2015-09-29

Ky. officials agreed to confidential deal

FRANKFORT (AP) — A published report says state officials agreed to keep details of a proposed oil spill deal secret, but a judge rejected the idea.

The Courier-Journal reports the proposed settlement came in the Kentucky Energy and Environment Cabinet’s case against Childers Oil Co. The eastern Kentucky business had been cited multiple times for contaminating a section of the Kentucky River when diesel fuel leaked on its property in Whitesburg.

The proposed agreement sought to have Childers pay the state $48,057 and included a confidentiality clause in which the cabinet would seal the settlement, keeping terms secret.

The proposal came before Franklin Circuit Judge Thomas Wingate on Sept. 18. He rejected it, citing a missing signature on the proposed agreement. In the same order, he also rejected the request for confidentiality.

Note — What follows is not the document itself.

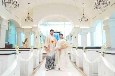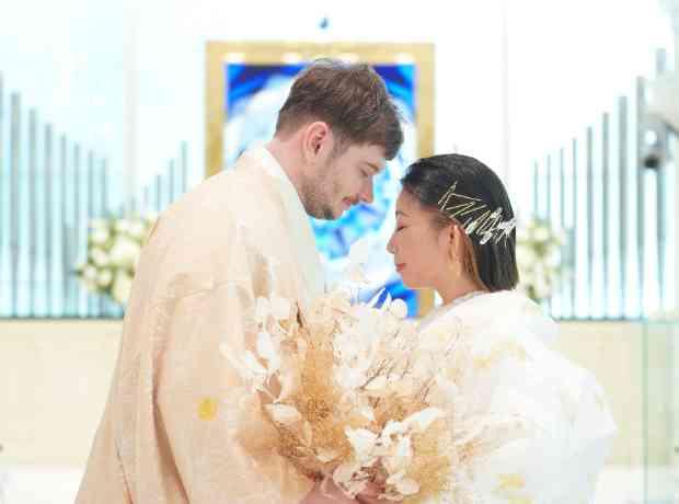 オーガンジーの打掛のような和装に羽をあしらった個性的なデザイン。外国人のご新郎様もとてもお似合いでした。おふたりのベビーちゃんも、お揃いの紋付き袴姿に。天使ちゃんのように可愛らしいお姿でした♡アヴァンセリアン東京のブルーのチャペルに、白の和装が神秘的でうっとり。まるで映画のワンシーンのよう…前夜まで作り直したブーケも流石と思えるセンスの良さでした。

Jon Fleischaker, an attorney for The Courier-Journal, said the confidentiality agreement would have violated the state’s Open Records Act.

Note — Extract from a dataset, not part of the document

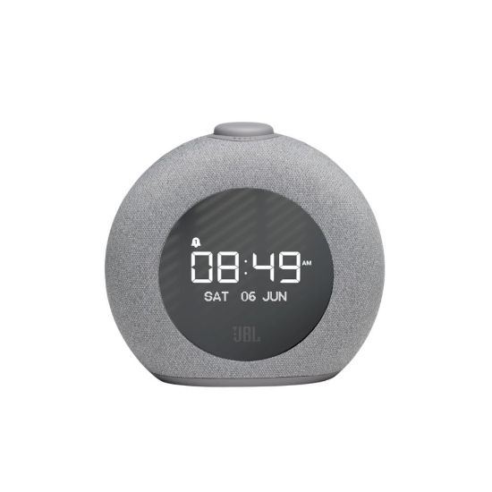 Éveillez-vous en compagnie du son JBL Pro. L'Horizon 2 JBL apporte la touche finale dans une chambre grâce à son design arrondi, son éclairage LED ambiant LED et sa radio DAB/DAB+/FM. L’heure, les réglages d’alarme et les informations de la radio sont clairement lisibles grâce au grand écran LCD, tandis que le revêtement moderne en tissu s’intègre à n’importe quel décor. Choisissez une sonnerie d’alarme parmi notre sélection ou optez pour l’une de vos stations radio DAB, DAB+ ou FM préférées. Le bouton de commande rotatif intuitif permet de régler et de mettre temporairement les alarmes en pause (Snooze), d’ajuster le volume ou d’allumer et éteindre la lumière ambiante. Avec ses deux ports USB pratiques pour recharger vos appareils, l'Horizon 2 JBL est le parfait compagnon de chevet.

“I think Judge Wingate did exactly the right thing. Such an agreement with a confidentiality clause is unenforceable because under the Open Records Law, a contract — which is what a settlement agreement is — is a public document and they cannot mutually agree to make it a non-public document,” Fleischaker said.

The cabinet’s general counsel, Mike Haines, said the agency has a right to keep terms secret in such cases.

“But I would agree that it’s rare,” Haines said.

He said the state agreed to the clause because it was the only way Childers Oil would agree to pay the entire amount of the state’s cost to respond to the spill plus a penalty.

“We did it to resolve the case,” he said.

Susan Maines, the attorney for Childers Oil, didn’t respond to the newspaper’s attempts to seek comment.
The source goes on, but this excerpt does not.